Caspases are synthesized and stored in the zymogen form (procaspase). Cleavage or processing of the intersubunit linker, as well as dimerization confers maximum activity for caspases (J. Chai, et al., 2001; Pop, Timmer, Sperandio, & Salvesen, 2006; S.J. Riedl, et al., 2001; Vaidya, et al., 2011; Watt, et al., 1999; Wilson, et al., 1994). Mature, active caspases exist as homodimers. Initiator caspases such as caspase-2, -8, -9 and -10 are monomeric when synthesized (Boatright, et al., 2003; Butt, Harvey, Parasivam, & Kumar, 1998; Renatus, Stennicke, Scott, Liddington, & Salvesen, 2001; Wachmann, et al., 2010) while executioners dimerize immediately upon ribosome release (Kang, Ko, Kwon, & Choi, 2002; Pop, et al., 2001; Talanian, et al., 1996). Due to low sequence homology of residues comprising the dimerization interface, the size and nature of the cavity formed at this interface also varies, allowing small molecules to differentially act on this region; whether by preventing the formation of a properly-formed active site (e.g. caspase-7 (Hardy, et al., 2004a)) or by inhibiting dimerization (caspase-9 (Huber, et al., 2012) (Feldman, et al., 2012) and -8 (Feldman, et al., 2012)) (see section 4).
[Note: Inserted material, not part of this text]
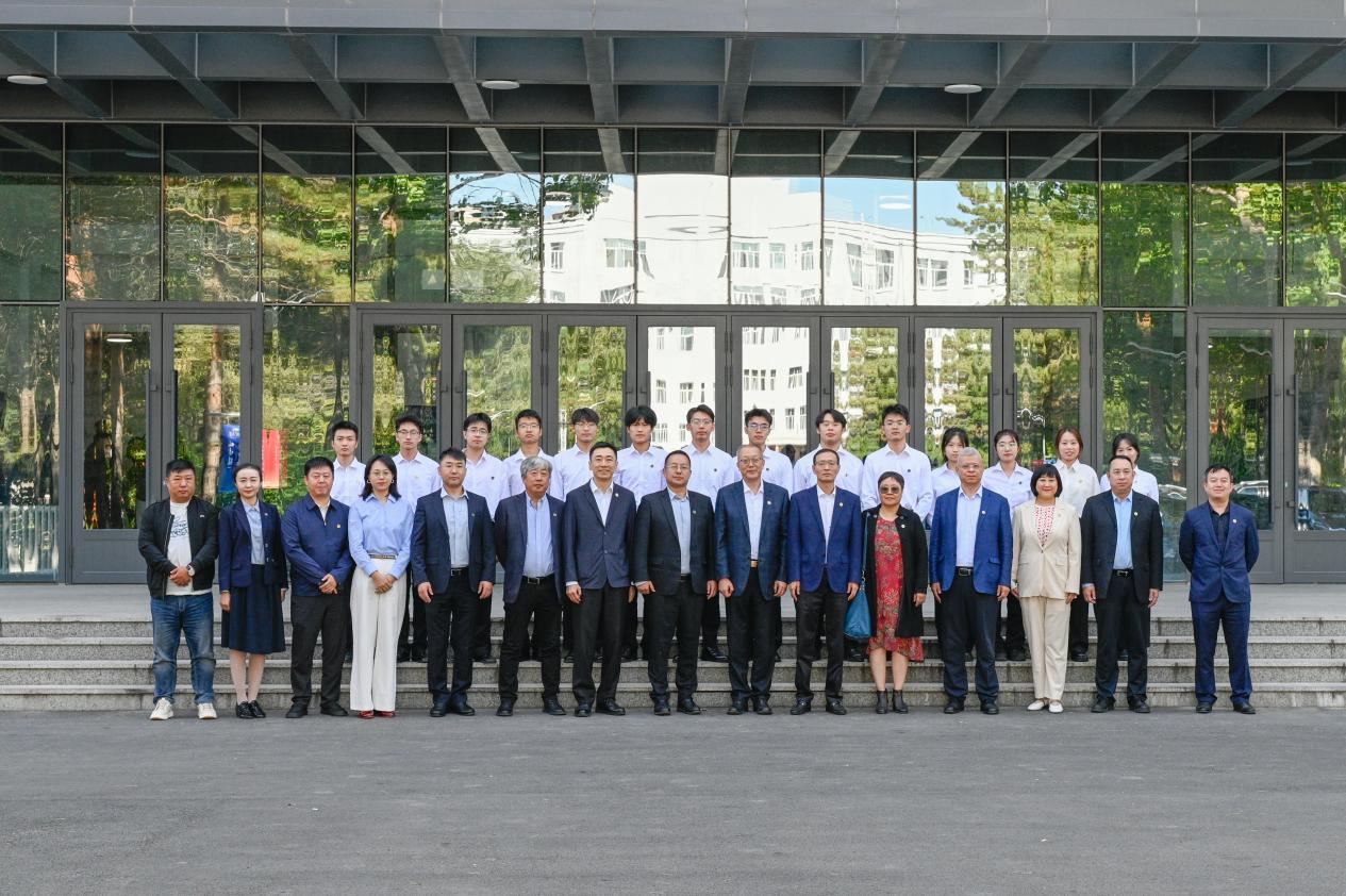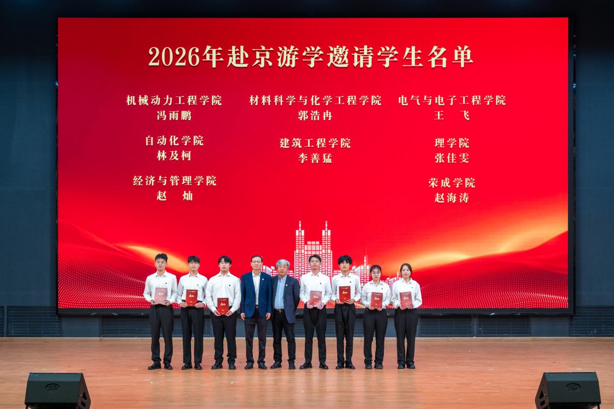 党委副书记、工会主席郭加利(左四)与北京校友会执行会长邵文杰(左五)共同向2025年赴京游学学生发放邀请函

Cleavage of the intersubunit linker switches caspases from their inactive to highly active forms. In the case of caspase-9 however, having a longer intersubunit linker allows it to facilely support a properly formed active site loop bundle even prior to cleavage. Wells and colleagues have shown that procaspase-3 and -7, containing short intersubunit linkers, can also bind peptide inhibitors and adopt the active conformation even prior to intersubunit linker cleavage (Thomsen, Koerber, & Wells, 2013). This suggests that linker cleavage may not be solely a steric requirement, but also an allosteric requirement due to the enhanced ability cleaved linker forms the loop bundle which, in turn, stabilizes the active state. In this regard, perhaps the loop bundles themselves could also be considered allosteric sites although they are proximal to the active site. Almost all caspases have more than one cleavage site in their intersubunit linker and the order and pattern of cleavage influences the activity and regulation of the enzyme. In caspase-6, for example, cleavage at D193 occurs before cleavage at D179, as it has been observed that D193A variants are unable to cleave D179 (Vaidya & Hardy, 2011). For caspase-9, the initial cleavage event at D315 generates an epitope that is recognized by the BIR3 domain of XIAP leading to inhibition, while cleavage at D330 by caspase-3 relieves this inhibition (Denault, Eckelman, Shin, Pop, & Salvesen, 2007; Shiozaki, et al., 2003; Srinivasula, et al., 2001; Zou, et al., 2003). Intersubunit linker cleavage also plays a role in ubiquitination of caspases, as only cleaved (mature) caspase-9 (Morizane, Honda, Fukami, & Yasuda, 2005) and caspase-8 (Jin, et al., 2009) are ubiquitinated and not their uncleaved procaspase zymogens. We think it is likely that allosteric regulation specific to each caspase will involve exploiting differences in the domain organization of the caspases as discussed here (Fig. 5.1).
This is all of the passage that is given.